The fifth-ranked address shown above was created in February of 2019 and, at origination, was listed as the 81st-largest address. Since then, it has been accumulating regularly, adding from as low as 1 BTC in December 2019 to 4,100 in a single transaction in June 2019. Despite being a large accumulator, it has made seven transactions out, ranging from 786 BTC to 3,000 BTC. Maybe even whales have bills to be paid.

There are precisely 100 addresses first used between Nov. 30, 2018 and Dec. 18, 2018 containing around either 8,000 BTC or 12,000 BTC each. These addresses are commonly attributed to Coinbase Custody. Amounting to 881,471 BTC, the addresses’ funds equal to 96% of the exchange’s cold wallet, according to chain.info.

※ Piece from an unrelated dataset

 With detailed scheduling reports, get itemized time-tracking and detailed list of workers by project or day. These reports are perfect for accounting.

The new whale local top theory

Every investor has a gut feeling that the arrival of new Bitcoin whales is crucial for a sustained rally, even though there has never been hard evidence of this effect until now.

There is a constant flow of new addresses entering the top 300. For example, 16 of them received their first-ever deposits within the past 30 days. Once again, this is not necessarily a new entity but an address receiving its first-ever BTC.

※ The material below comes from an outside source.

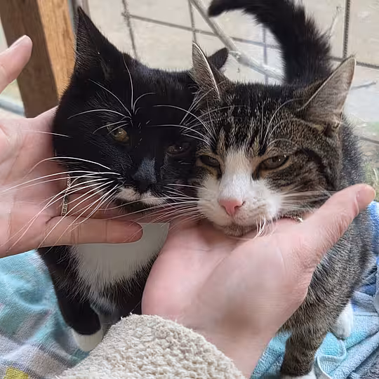 Die beiden perfekten Brüder Elian (getigert) und Emil. Einst als Fundkatzen zu uns gekommen nun auf der Suche nach ganz tollen Menschen.

Although it is uncommon, sometimes gaps of 50 or more days occur without newcomers joining the top 300. Coincidentally, these periods mark the end of rally periods, and a healthy correction usually follows.

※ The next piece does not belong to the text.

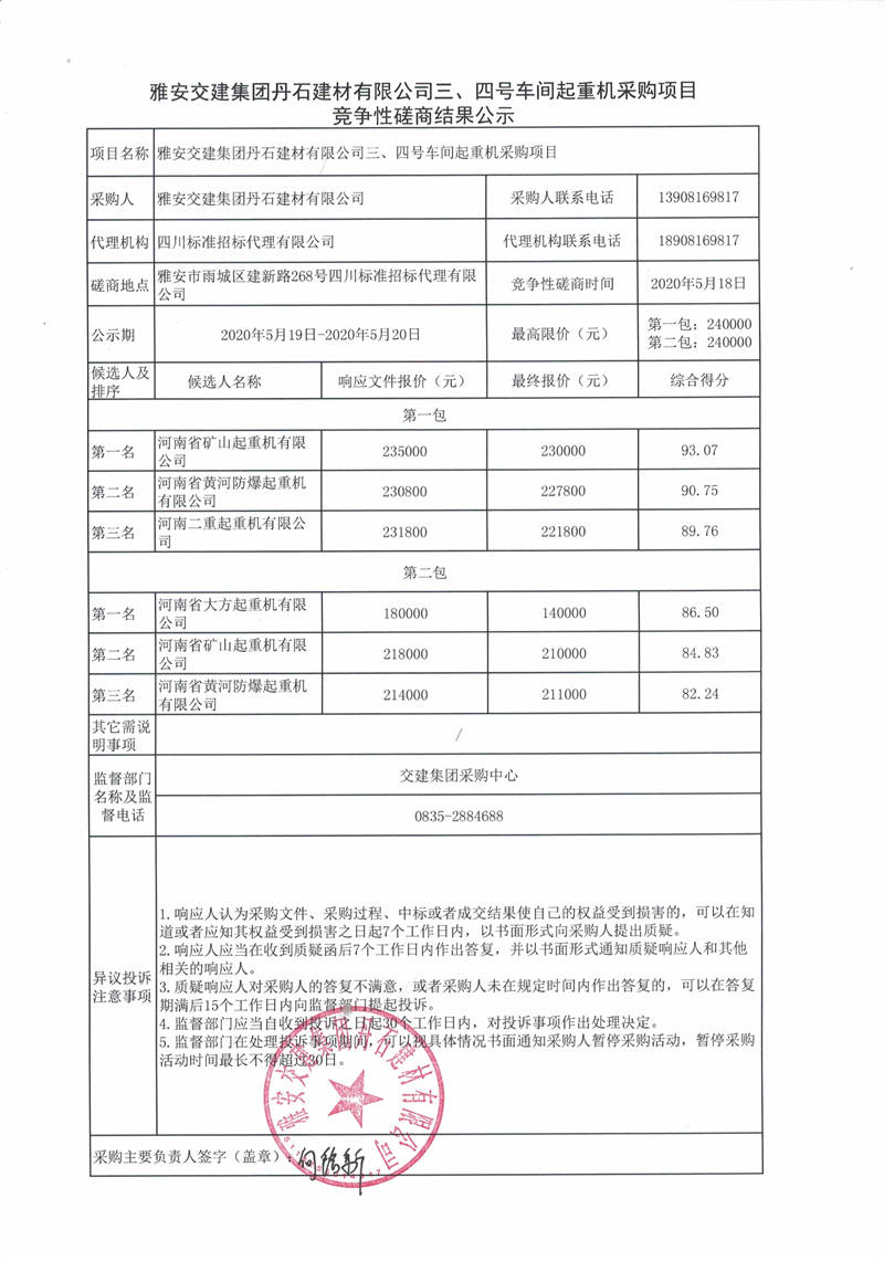 雅安交建集團丹石建材有限公司三、四號車間起重機采購項目競爭性磋商結(jié)果公示

BTC/USD price on Coinbase, early 2020. Source: TradingView

Precisely zero of the top 300 addresses were initially used between Nov. 28, 2019 and Feb. 09, 2020, when BTC went up by 35%. Oddly enough, the market plunged 52% over the next 32 days.

BTC/USD price on Coinbase, 2017. Source: TradingView

A similar effect happened between Oct. 18, 2017 and Dec. 11, 2017. During this period BTC rallied 193% while none of the top 300 addresses were newcomers. A 34% price drop occurred over the following 36 days.

Before that, none of the top 300 addresses were initiated between April 20, 2017 and July 07, 2017. Meanwhile, BTC soared 111%, while a 24% crash has also followed this period over the course of nine days.

So far, history has been proving that the new whale theory makes sense: The market rallies during prolonged periods of fewer new addresses making it to the top 300 holders list, as it indicates accumulation by entities that already had position. On the other hand, new whales could be driven by fear of missing out, which usually indicates local tops.

Therefore, it makes sense to monitor the top addresses and on-chain data to gauge potential corrections.

Every time large deposits enter exchanges, this indicates a potential sell order and is deemed bearish by traders. These movements are then compared to BTC price tops and bottoms in an attempt to find some correlation between whale transfers.

Whenever the market is rallying and miners, in turn, reduce selling, analysts expect a price correction once they start moving coins again. To put things in perspective, this is 6,300 Bitcoin per week that needs to be absorbed by the market to avoid price impact.

Now that institutional investors have “arrived,” investors will be itching to see whether their inflow in 2021 will continue to absorb newly minted BTC.

While 2021 is looking pretty bullish for the crypto market, there is always an unexpected price crash that often results from the government threatening regulation.

This means it will still be important for savvy investors to follow the top 15 Bitcoin addresses and the movements of crypto whales in 2021.

The views and opinions expressed here are solely those of the author and do not necessarily reflect the views of Cointelegraph. Every investment and trading move involves risk. You should conduct your own research when making a decision.